De acordo com a doutrina brasileira, há dois tipos de revisão contratual no Direito Civil
brasileiro: a do art. 478 e a do art. 317, ambos do Código Civil.
Posto isto, a verdade é que as dificuldades para o bom desenvolvimento das relações
contratuais podem não derivar tanto da pandemia em si, mas das medidas adotadas
pelas autoridades para responder à ameaça sanitária. Tais medidas poderiam
constituir um “fato do príncipe” (fait du prince). Essa noção consiste em uma decisão
tomada pelo poder público que dificulta o cumprimento das obrigações, podendo
ensejar um caso de força maior. Para isso, será necessário que os atos das
autoridades sejam imprevisíveis para o devedor no momento da celebração do
contrato, e que tenham caráter irresistível. No entanto, e aqui reside muito do seu
interesse no cenário atual, para considerar a força maior com base em um fato do
príncipe, não será necessário que ocorra um impedimento total. Bastará que a parte
afetada não possa continuar a exercer a sua atividade nas mesmas condições. É o
caso, por exemplo, dos profissionais da hotelaria que viram a sua atividade limitada à
venda de produtos para levar ou entregar a domicílio.
3.2 TEORIA DA FRUSTRAÇÃO DO FIM DO CONTRATO
Dentro dos casos de eficácia sobrevinda do contrato, a teoria da frustração do fim do
contrato (Zweckstörung) compartilha com a teoria da imprevisão a existência de um
fato externo, imprevisível e irresistível que sucede de maneira posterior à celebração
deste e que não foi assumido como risco por nenhuma das partes no pacto.

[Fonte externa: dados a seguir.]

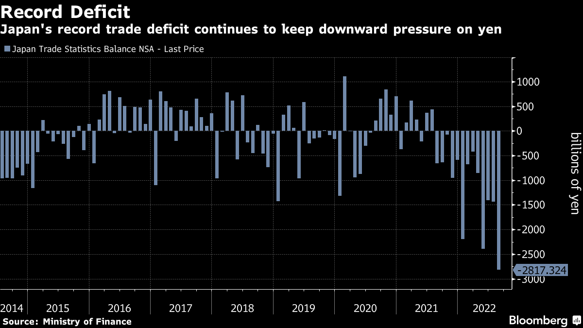 Japan's trade deficit ballooned to a record in August that highlights the increasing pain of the weak yen as import costs spiral upwards, adding to pressure on the country's economic recovery.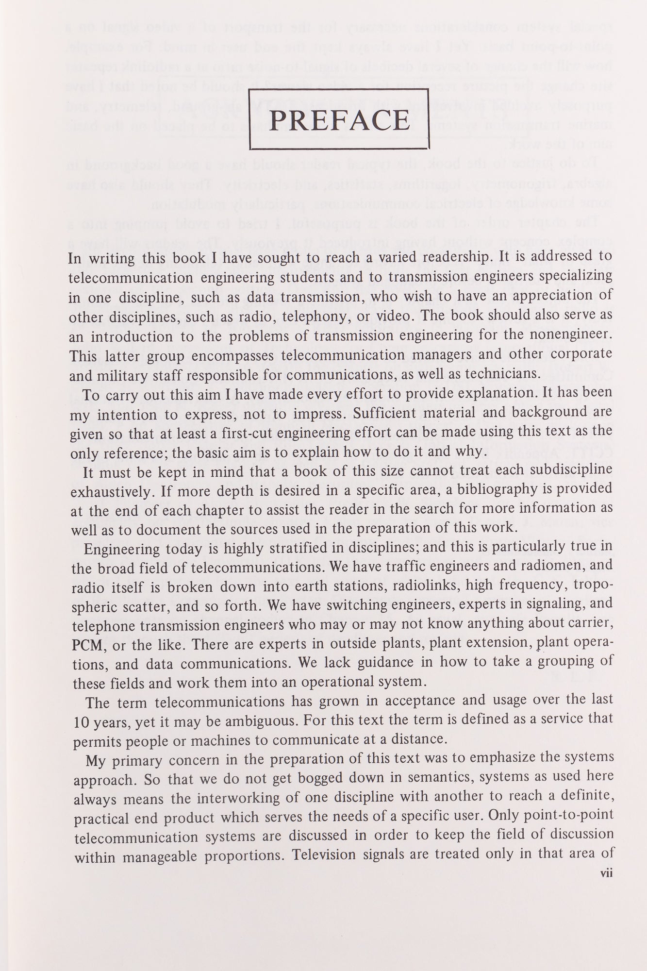 "In writing this book I have sought to reach a varied readership. It is addressed to telecommunication engineering students, and to transmission engineers specializing in one discipline, such as data transmission, who wish to have an appreciation of other disciplines, such as radio, telephony, or video. The book should also serve as an introduction to the problems of transmission engineering for the non-engineer. "

Diferentemente da teoria da imprevisão, na qual o fato que constitui caso fortuito
converte à obrigação de uma das partes em excessivamente onerosa e obriga à
revisão do contrato; neste caso, a causa do contrato é afetada, provocando que o
cumprimento do mesmo devenha em ilegal, impossível ou estéril economicamente
(MARINHO, 2020).
Pode-se ilustrar o assinalado com a revisão dos casos de deram origem à figura
(“frustracion of purpose of contrat”) no “commom law”, para logo verificar como foi
expandido sua regulação. O primeiro caso no qual se acunhou o termo frustração foi
Taylor v. Caldwell, no qual o primeiro demandou o segundo o pagamento de
indenização por descumprir o contrato de aluguel de uma sala de concertos que foi
destruída por um incêndio uma noite antes que começasse a ser usada para distintas
atividades programadas pelo locatário. O juiz modulou a regra de cumprimento
absoluto aplicada aos contratos que vinha regendo no direito inglês desde, ao menos,
dois séculos atrás e assinala que no caso dos contratos que dependem da existência
do objeto, não existe responsabilidade do locador se este perece sem culpa, já que
constituía uma obrigação conhecida desde a gênese mesma do contrato (COGO,
2012).
Para Karl Larenz há uma base objetiva e outra subjetiva. Esta, se identifica com a
reapresentação mental dos contratantes no momento de concluir o negócio e que influi
nas partes para a definição do conteúdo do contrato. A base subjetiva representa a
pressuposição de circunstâncias presentes ao momento de contratar ou passadas e
a expectativa de que se mantenham no futuro; o erro de uma das partes a respeito da
suposição e o aproveitamento desleal do mesmo pela outra é o que faculta o devedor
a solicitar o remédio, sob o fundamento final da boa-fé como princípio central. Por sua
parte, a dimensão objetiva é um estado geral das coisas cuja existência dota de
sentido o negócio realizado e o conteúdo mesmo do contrato. A dimensão objetiva do
negócio jurídico é afetada por ruptura grave na equivalência das prestações mútuas;
ou porque o fim objetivo do contrato é impossível apesar de que as partes cumpram
suas obrigações (LARENZ, 2002). Da perspectiva do exposto no presente trabalho, a
teoria da imprevisão seria utilizada do primeiro caso (equivalência das prestações) e
a frustração do fim do contrato do segundo (inutilidade sobrevinda do contrato).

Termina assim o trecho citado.